Logistics, access problems

So why is Somalia so chronically food-insecure? World Food Program in Somalia head Laurent Bukera says one reason is simple logistics.

“We have productive regions where some sort of harvest can take place. But the movement [from] some of the areas where there is food to other areas where there is no food is cut off by logistical access constraints. We still have a lot in Somalia of supply roads which are cut off,” says Bukera.

Somalia has endured more than 20 years of chaos and violence, and more recently, militants from al-Shabab have blocked major supply ways. Several years of military operations by the national army and African Union forces have reopened some but not all of these critical routes.

Bukera explains that this continues to impact the production of food, because when a country is unstable, farmers are not always able to work.

“Oftentimes [they] have to flee leaving behind all their belongings, leaving behind their animals, cows, goats which can give them milk, but also leaving behind everything they have planted,” says Bukera.

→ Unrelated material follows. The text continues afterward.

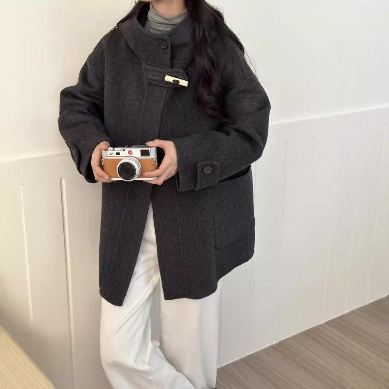 Женское осенне-зимнее новое короткое свободное двухстороннее шерстяное пальто с капюшоном S темно-серого

With more than a million people in Somalia internally displaced, they simply do not have access to their land, he adds, and at the moment Somalia only grows about half the food it needs.

Shortages in towns, cities

The result is a shortage of food in towns and cities, where even those with a little income cannot always afford skyrocketing food prices, says Ed Pomfret of Oxfam’s Somalia program.

“In certain cities in Somalia we have seen food prices go up four times when there’s been a conflict happening around it. Even if the market is working, the conflict causes displacement and it does cause difficulties in terms of food supply into the markets,” says Pomfret.

This is not to say that climatic factors do not play a role as well, he adds, as erratic rainfall and encroaching desertification make life more and more difficult for farmers and herders.

But Somalia’s food situation is complex, says Pomfret, and any solution must be multi-faceted.

“Tackling the climate change agenda, making sure that we put in place climate change adaptation measures, and also creating a more peaceful Somalia are all factors that will help reduce the levels of food insecurity,” says Pomfret.

Only if all these factors are addressed, he adds, will Somalia stand a chance of being able to feed itself.